A simple degree in Criminal Justice was one thing... but four years as a state social worker with Child Protective Services, riding around with State Police, rescuing children and trying to reunite them with parents living difficult lives... showed enough trauma and heartbreak for a lifetime.
So Marianne Voight spent the next few decades in the business world, earning a MBA and specializing in sales and marketing of telecommunications products and services.
She adopted two traumatized children from Russian orphanages and soon after co-founded a support/educational group of 150 "Adoptive Moms of Challenging Children". She hosted their monthly meetings for ten years in the Washington, DC area. In helping her own children and mentoring these families she was brought back into the areas of criminal justice, mental health, learning disabilities, institutions, treatment and multi-generational trauma.
Recently, at Bend, Oregon's 100-bed homeless shelter, Marianne managed the front desk twice a week and was Lead Volunteer Trainer. She grew to know the personal stories of the homeless men, women, teens, and children who were working to pull their lives together. A good number had incarceration in their family histories. In Bend she received 40 hours of training from the National Alliance on Mental Illness.
She sometimes thinks of Earl, a big, bald 50-year old man in Bend, whose many scars and tattoos told the story of a person who had lived a "rough life", including addiction and imprisonment.
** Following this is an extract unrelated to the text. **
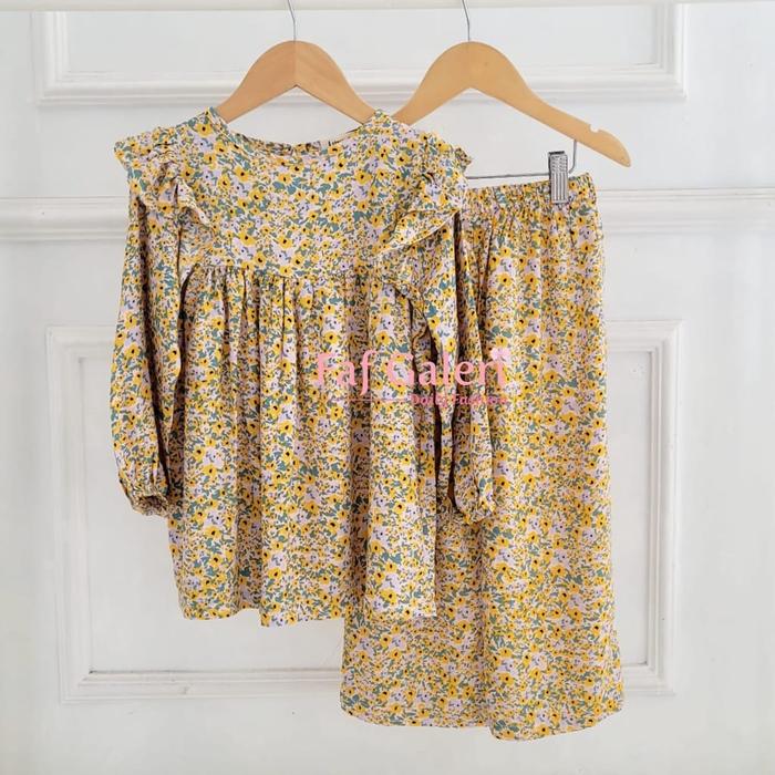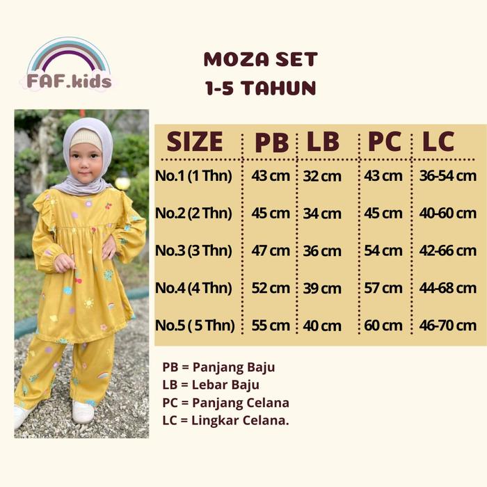 1-5 TAHUN MOZA SET - SETELAN MUSLIM ANAK PEREMPUAN RAYON VISCOSE - MOTIF 02, NO.1 (1 THN)

He had charm, wit, and gumption. She wants Earl and others like him to find lives of peace and success.
Just before Christmas 2017 Marianne moved to Newberg to be near her husband's 18 extraordinarily nice relatives in the area. She has plunged into front desk work at the local food bank, marketing for a youth group home, and assisting the local addiction/housing ministry. She is Head Chef at Newberg's Community Dinner two Mondays per month. In 2018 Marianne started a charity making 50 mini-bouquets per month for Meals on Wheels and nursing home recipients. For more fun she swims religiously, helps her small church, and makes crazy pottery pieces every Tuesday morning at the Cultural Center.